|Eurekahedge Regional Indices
| Eastern Europe & Russia
Risk aversion returned to global markets in August driven by a host of factors. The increased likelihood of the United States waging another war in the Middle East, weakening economic situation in emerging markets and continued concerns of QE tapering by the US Federal Reserve (Fed) were the main drivers of the negative market sentiment during the month. Some of the negativity was offset by improving global economic data as the Eurozone emerged from recession and China PMI numbers also displaying positive trends.

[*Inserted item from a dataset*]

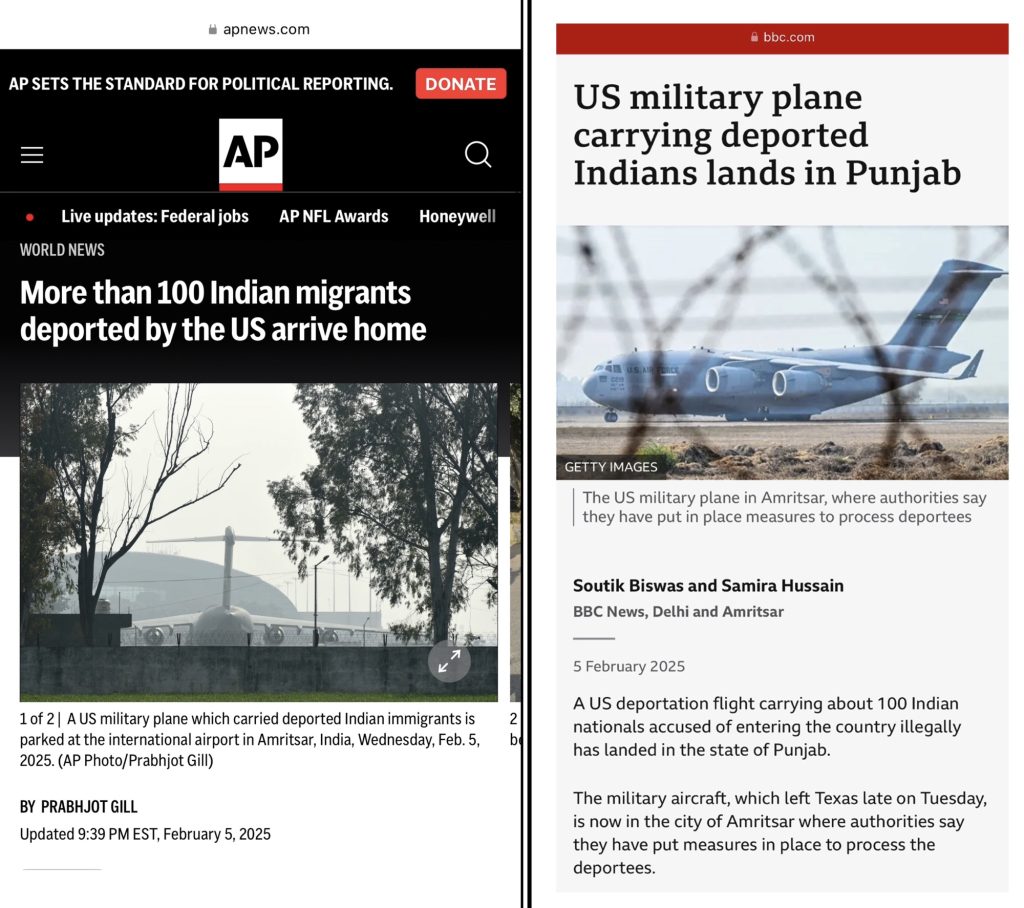📸 Below are screenshots of worldwide media coverage and an exclusive image of the U.S. military aircraft at Amritsar Airport—a rare and significant moment in the airport’s history.

Returns were mixed among the various regional mandates with Latin American and North America hedge funds delivering the strongest returns. The Eurekahedge Latin American Hedge Fund Index gained 0.48% in August mostly due to strong returns posted by Brazil-focused funds, which were up on the back of a strong rebound in the Bovespa (up 3.68%). Managers' holdings were buoyed by surprisingly strong GDP numbers for 2Q 2013 and currency intervention program announced by the Central Bank of Brazil. North American managers outperformed the S&P 500, which declined 3.13% in August. A number of managers had indicated net short positions for August, amid expectations of an announcement of QE-tapering by the Fed, which helped them to post positive returns during the month.

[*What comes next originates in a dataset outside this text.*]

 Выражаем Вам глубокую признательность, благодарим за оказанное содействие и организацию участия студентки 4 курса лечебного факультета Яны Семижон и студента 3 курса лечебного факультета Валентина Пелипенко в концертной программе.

Asian hedge funds outperformed the underlying markets once again, delivering healthy returns amid broadly negative trends in underlying market indices. Managers investing in Asia ex-Japan were up 0.13% while the MSCI Asia ex-Japan index declined 1.22% in August. Japan-focused hedge funds outperformed the underlying markets for the fourth consecutive month, gaining 0.11% while the Nikkei 225 was down 2.04% and the Tokyo Topix declined by 2.27% during the month.